Segment Start: Exercise material

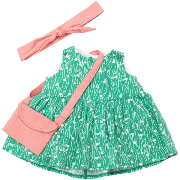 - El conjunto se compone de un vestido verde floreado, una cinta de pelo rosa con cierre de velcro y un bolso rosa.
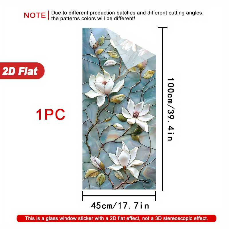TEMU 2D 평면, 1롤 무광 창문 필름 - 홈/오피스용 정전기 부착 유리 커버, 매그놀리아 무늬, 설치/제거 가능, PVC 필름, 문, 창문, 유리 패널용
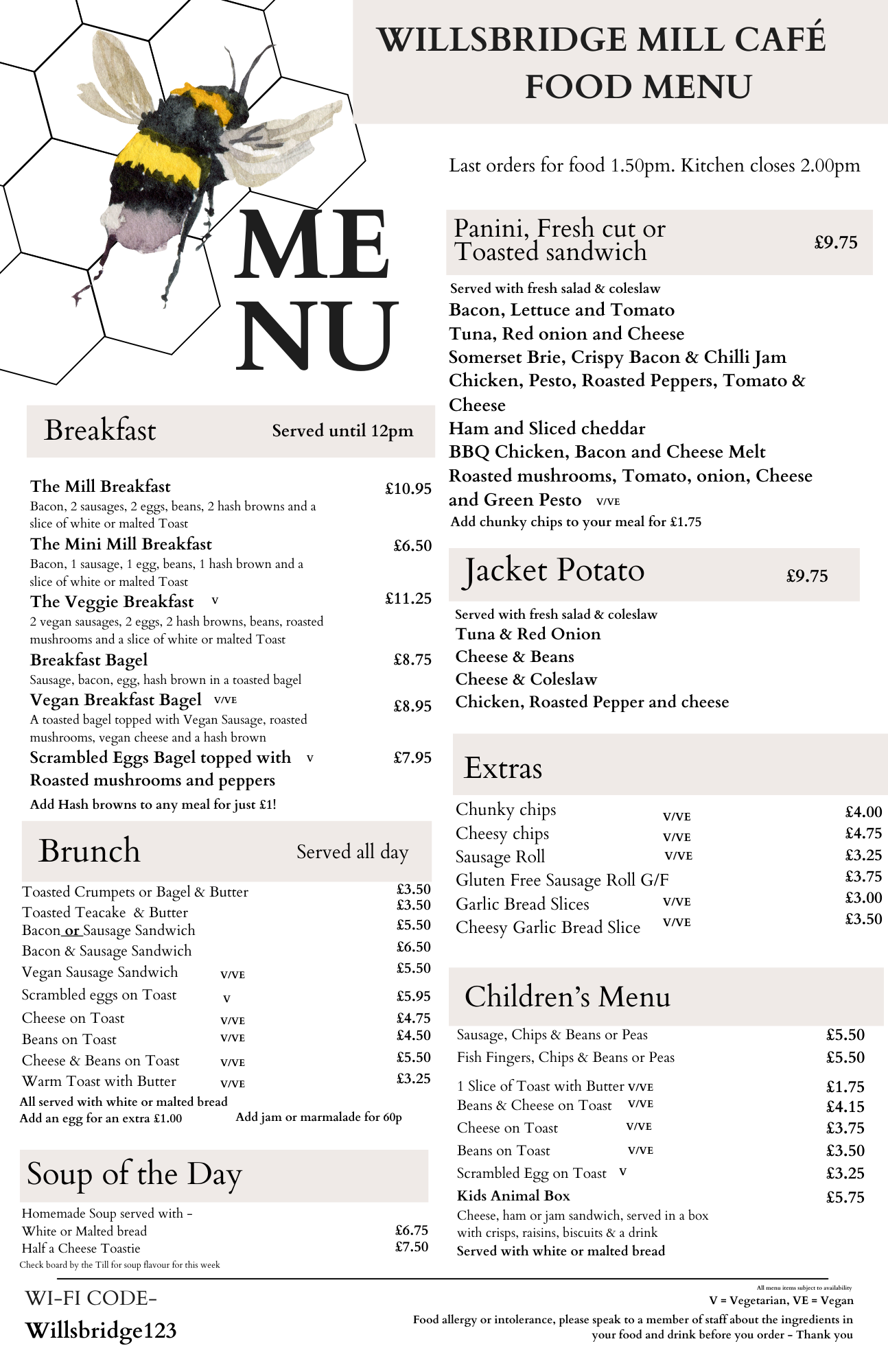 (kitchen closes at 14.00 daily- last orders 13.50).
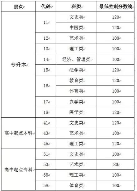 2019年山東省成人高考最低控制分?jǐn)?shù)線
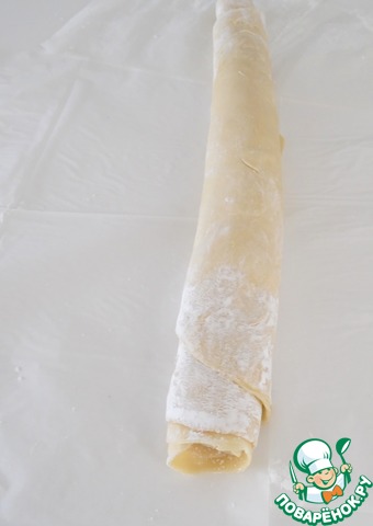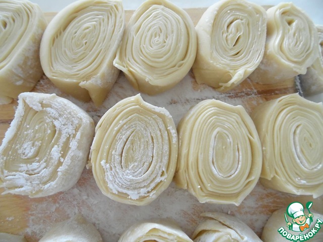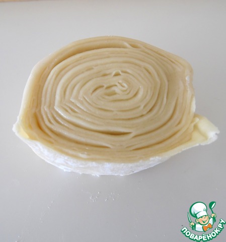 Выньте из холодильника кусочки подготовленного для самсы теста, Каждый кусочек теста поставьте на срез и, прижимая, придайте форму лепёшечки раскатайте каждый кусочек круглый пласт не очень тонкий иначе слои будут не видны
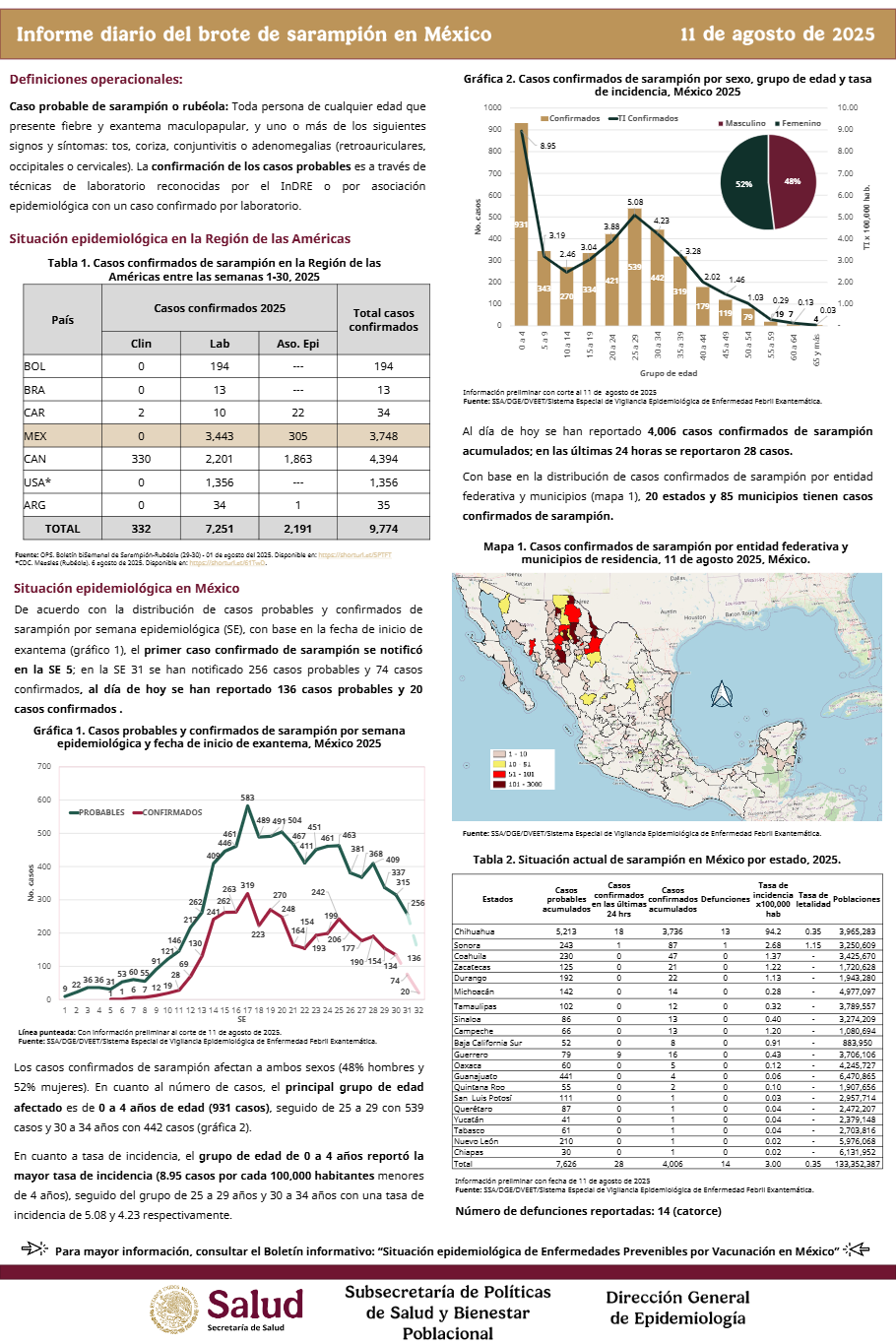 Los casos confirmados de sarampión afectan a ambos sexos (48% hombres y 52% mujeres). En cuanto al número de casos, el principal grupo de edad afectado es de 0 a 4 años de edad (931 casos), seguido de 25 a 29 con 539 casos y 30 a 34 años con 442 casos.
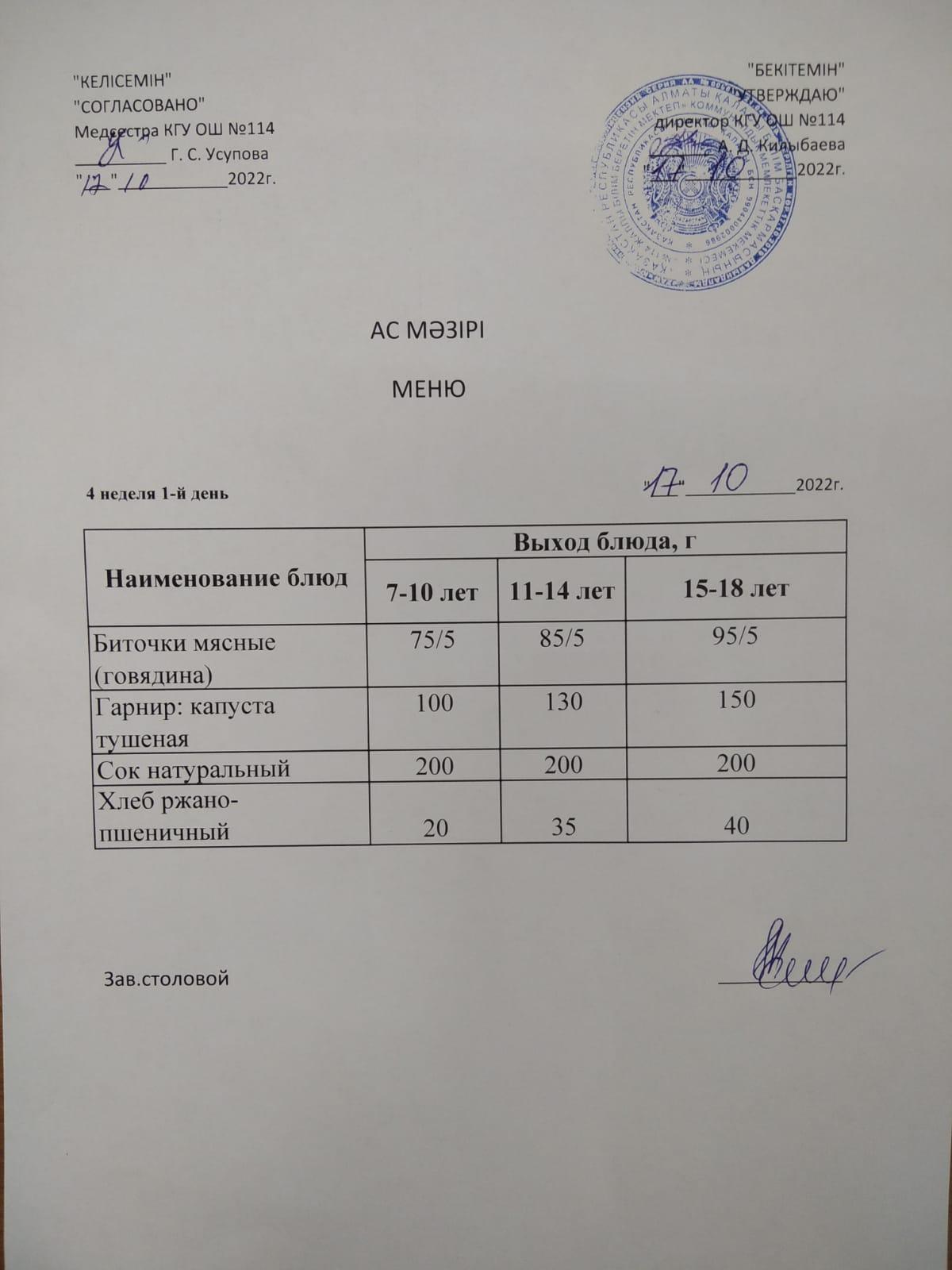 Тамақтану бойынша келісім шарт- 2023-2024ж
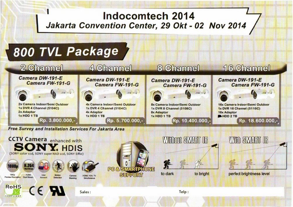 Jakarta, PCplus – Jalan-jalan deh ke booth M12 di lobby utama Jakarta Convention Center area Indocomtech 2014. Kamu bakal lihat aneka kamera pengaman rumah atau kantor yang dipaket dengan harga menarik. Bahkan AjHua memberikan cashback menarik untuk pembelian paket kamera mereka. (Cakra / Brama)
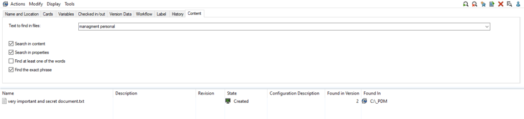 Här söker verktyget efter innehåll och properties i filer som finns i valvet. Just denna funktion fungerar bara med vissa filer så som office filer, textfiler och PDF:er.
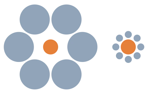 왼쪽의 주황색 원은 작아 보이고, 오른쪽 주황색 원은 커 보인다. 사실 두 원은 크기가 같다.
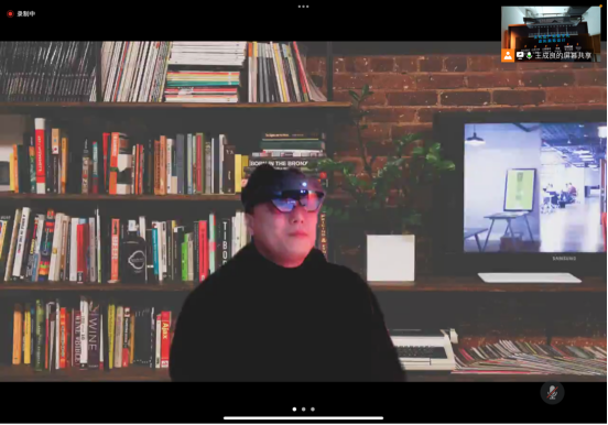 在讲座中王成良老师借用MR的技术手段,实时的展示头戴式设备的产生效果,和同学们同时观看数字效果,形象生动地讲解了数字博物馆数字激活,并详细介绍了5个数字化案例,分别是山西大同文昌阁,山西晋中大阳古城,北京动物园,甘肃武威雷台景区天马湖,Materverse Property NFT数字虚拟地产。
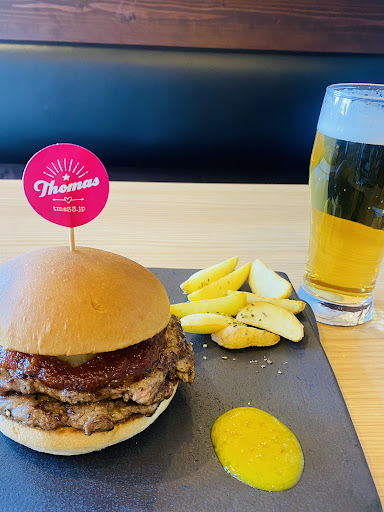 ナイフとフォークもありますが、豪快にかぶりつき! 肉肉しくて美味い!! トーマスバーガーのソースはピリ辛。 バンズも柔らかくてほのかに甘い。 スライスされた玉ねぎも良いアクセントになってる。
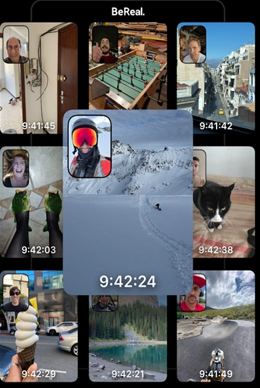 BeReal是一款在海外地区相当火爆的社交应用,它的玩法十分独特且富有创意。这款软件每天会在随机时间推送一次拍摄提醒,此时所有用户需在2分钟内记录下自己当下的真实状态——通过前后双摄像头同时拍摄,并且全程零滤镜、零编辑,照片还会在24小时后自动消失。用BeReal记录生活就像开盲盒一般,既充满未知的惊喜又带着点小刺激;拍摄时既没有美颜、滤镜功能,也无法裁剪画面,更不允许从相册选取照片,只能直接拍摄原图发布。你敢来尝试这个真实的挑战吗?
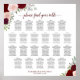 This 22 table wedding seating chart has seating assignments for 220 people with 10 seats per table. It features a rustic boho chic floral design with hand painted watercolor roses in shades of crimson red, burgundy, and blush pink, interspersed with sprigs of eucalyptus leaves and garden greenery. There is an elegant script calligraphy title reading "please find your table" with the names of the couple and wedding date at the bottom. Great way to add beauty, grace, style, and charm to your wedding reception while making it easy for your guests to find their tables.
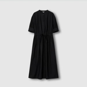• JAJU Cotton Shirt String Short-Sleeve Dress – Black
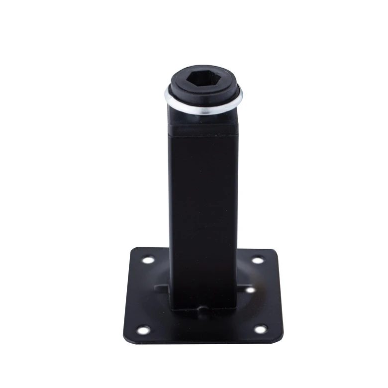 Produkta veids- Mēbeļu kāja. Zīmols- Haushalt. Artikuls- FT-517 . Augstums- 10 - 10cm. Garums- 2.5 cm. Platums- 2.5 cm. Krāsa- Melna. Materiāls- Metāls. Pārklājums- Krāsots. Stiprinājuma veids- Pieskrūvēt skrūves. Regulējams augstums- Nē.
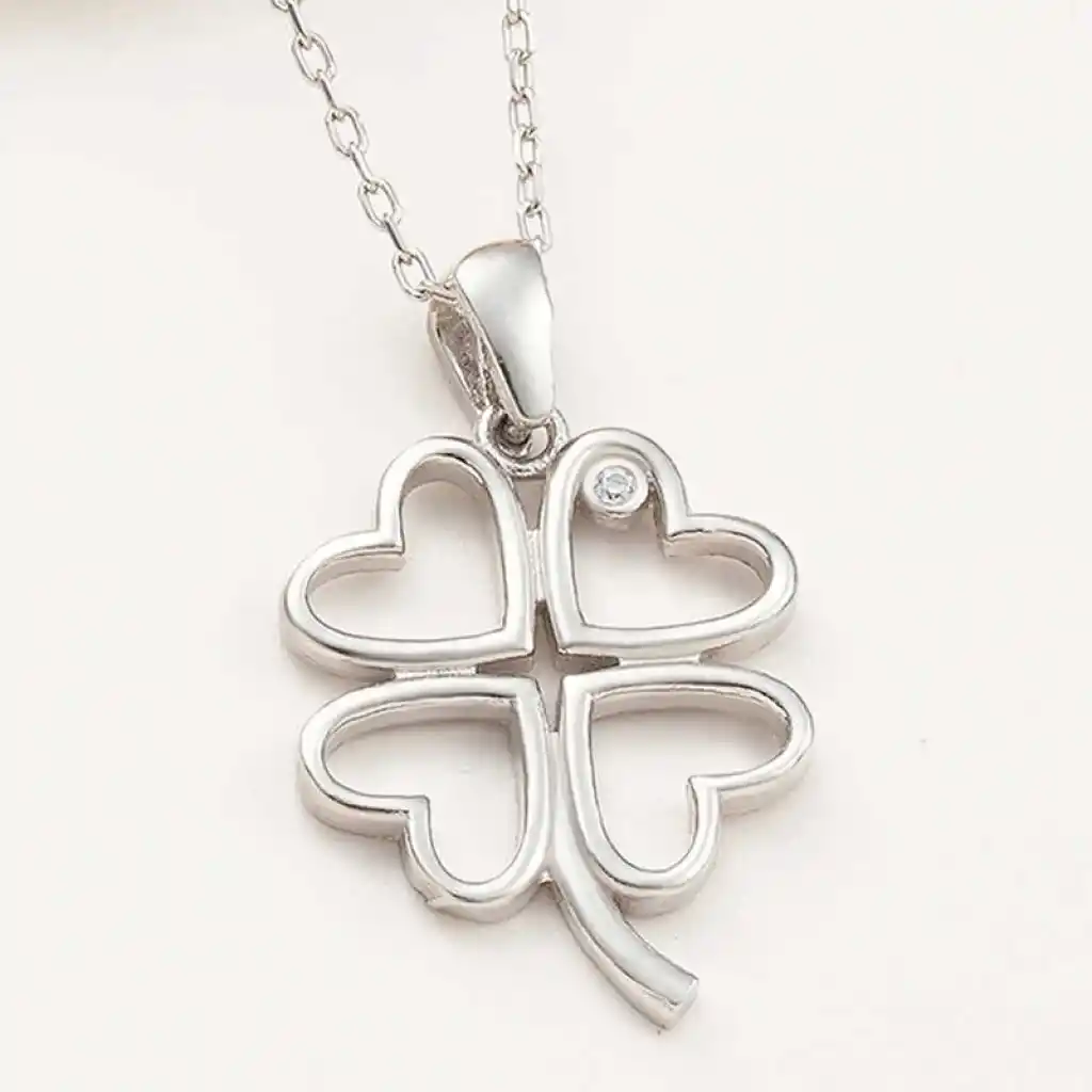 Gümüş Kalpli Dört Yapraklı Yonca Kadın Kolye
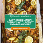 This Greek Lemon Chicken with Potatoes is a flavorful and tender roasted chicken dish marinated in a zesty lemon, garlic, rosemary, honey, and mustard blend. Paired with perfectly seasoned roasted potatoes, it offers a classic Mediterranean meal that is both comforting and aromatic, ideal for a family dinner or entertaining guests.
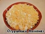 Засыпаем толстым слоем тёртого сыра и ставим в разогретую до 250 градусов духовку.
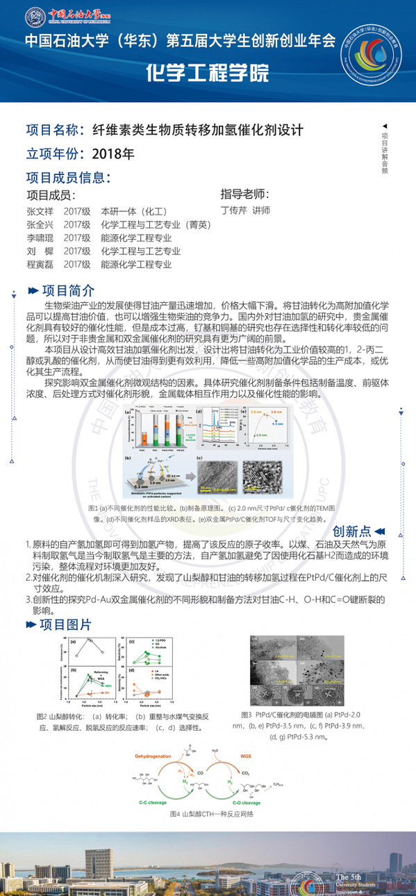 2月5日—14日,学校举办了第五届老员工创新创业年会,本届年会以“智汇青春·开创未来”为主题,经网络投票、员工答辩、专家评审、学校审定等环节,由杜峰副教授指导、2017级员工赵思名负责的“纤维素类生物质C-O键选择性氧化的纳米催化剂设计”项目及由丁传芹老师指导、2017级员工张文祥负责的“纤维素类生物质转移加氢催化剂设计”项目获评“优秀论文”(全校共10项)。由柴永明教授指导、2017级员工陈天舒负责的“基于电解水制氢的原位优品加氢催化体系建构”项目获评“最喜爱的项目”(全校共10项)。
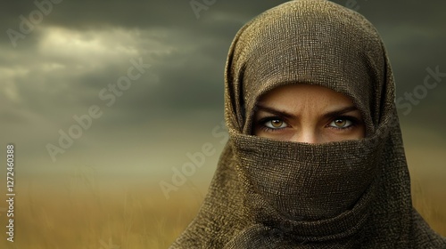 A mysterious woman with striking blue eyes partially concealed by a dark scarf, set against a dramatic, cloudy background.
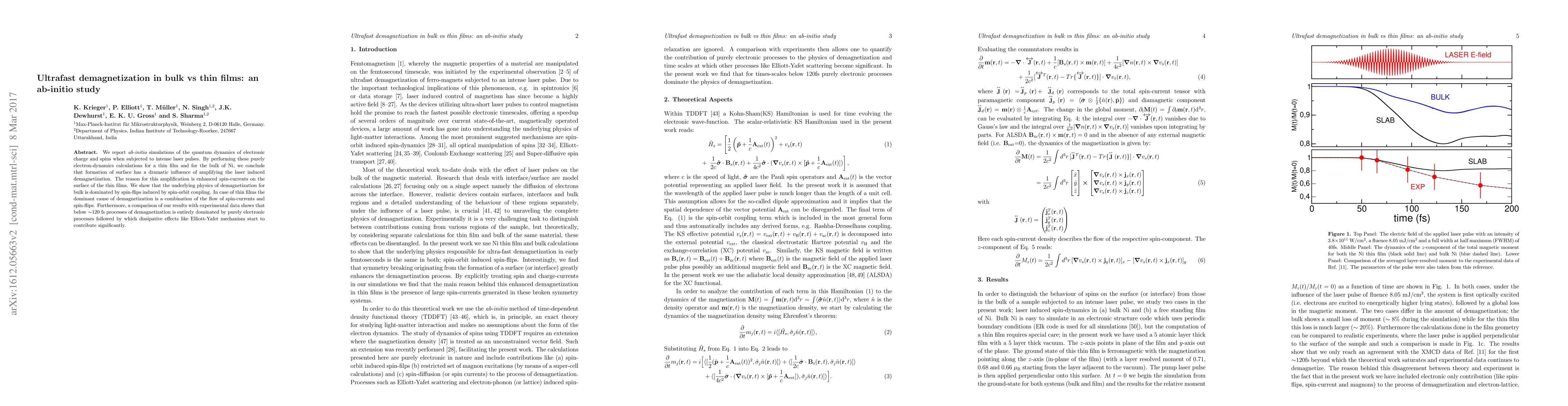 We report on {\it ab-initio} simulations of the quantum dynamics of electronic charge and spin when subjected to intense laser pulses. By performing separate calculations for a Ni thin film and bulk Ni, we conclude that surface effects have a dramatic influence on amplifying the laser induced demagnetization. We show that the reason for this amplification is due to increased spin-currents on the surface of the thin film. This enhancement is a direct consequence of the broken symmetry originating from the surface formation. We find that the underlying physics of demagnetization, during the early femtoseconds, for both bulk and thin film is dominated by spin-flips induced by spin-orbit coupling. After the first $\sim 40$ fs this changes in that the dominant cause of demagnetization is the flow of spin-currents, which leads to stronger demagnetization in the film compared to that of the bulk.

Segment End: Exercise material

Task requirements
Only one thing is wanted here, an exact copy of the lines from the first line above through the line containing "BeReal是一款在海外地区", minus any picture.

Task solution
 - El conjunto se compone de un vestido verde floreado, una cinta de pelo rosa con cierre de velcro y un bolso rosa.
TEMU 2D 평면, 1롤 무광 창문 필름 - 홈/오피스용 정전기 부착 유리 커버, 매그놀리아 무늬, 설치/제거 가능, PVC 필름, 문, 창문, 유리 패널용
 (kitchen closes at 14.00 daily- last orders 13.50).
 2019年山東省成人高考最低控制分?jǐn)?shù)線
 Выньте из холодильника кусочки подготовленного для самсы теста, Каждый кусочек теста поставьте на срез и, прижимая, придайте форму лепёшечки раскатайте каждый кусочек круглый пласт не очень тонкий иначе слои будут не видны
 Los casos confirmados de sarampión afectan a ambos sexos (48% hombres y 52% mujeres). En cuanto al número de casos, el principal grupo de edad afectado es de 0 a 4 años de edad (931 casos), seguido de 25 a 29 con 539 casos y 30 a 34 años con 442 casos.
 Тамақтану бойынша келісім шарт- 2023-2024ж
 Jakarta, PCplus – Jalan-jalan deh ke booth M12 di lobby utama Jakarta Convention Center area Indocomtech 2014. Kamu bakal lihat aneka kamera pengaman rumah atau kantor yang dipaket dengan harga menarik. Bahkan AjHua memberikan cashback menarik untuk pembelian paket kamera mereka. (Cakra / Brama)
 Här söker verktyget efter innehåll och properties i filer som finns i valvet. Just denna funktion fungerar bara med vissa filer så som office filer, textfiler och PDF:er.
 왼쪽의 주황색 원은 작아 보이고, 오른쪽 주황색 원은 커 보인다. 사실 두 원은 크기가 같다.
 在讲座中王成良老师借用MR的技术手段,实时的展示头戴式设备的产生效果,和同学们同时观看数字效果,形象生动地讲解了数字博物馆数字激活,并详细介绍了5个数字化案例,分别是山西大同文昌阁,山西晋中大阳古城,北京动物园,甘肃武威雷台景区天马湖,Materverse Property NFT数字虚拟地产。
 ナイフとフォークもありますが、豪快にかぶりつき! 肉肉しくて美味い!! トーマスバーガーのソースはピリ辛。 バンズも柔らかくてほのかに甘い。 スライスされた玉ねぎも良いアクセントになってる。
 BeReal是一款在海外地区相当火爆的社交应用,它的玩法十分独特且富有创意。这款软件每天会在随机时间推送一次拍摄提醒,此时所有用户需在2分钟内记录下自己当下的真实状态——通过前后双摄像头同时拍摄,并且全程零滤镜、零编辑,照片还会在24小时后自动消失。用BeReal记录生活就像开盲盒一般,既充满未知的惊喜又带着点小刺激;拍摄时既没有美颜、滤镜功能,也无法裁剪画面,更不允许从相册选取照片,只能直接拍摄原图发布。你敢来尝试这个真实的挑战吗?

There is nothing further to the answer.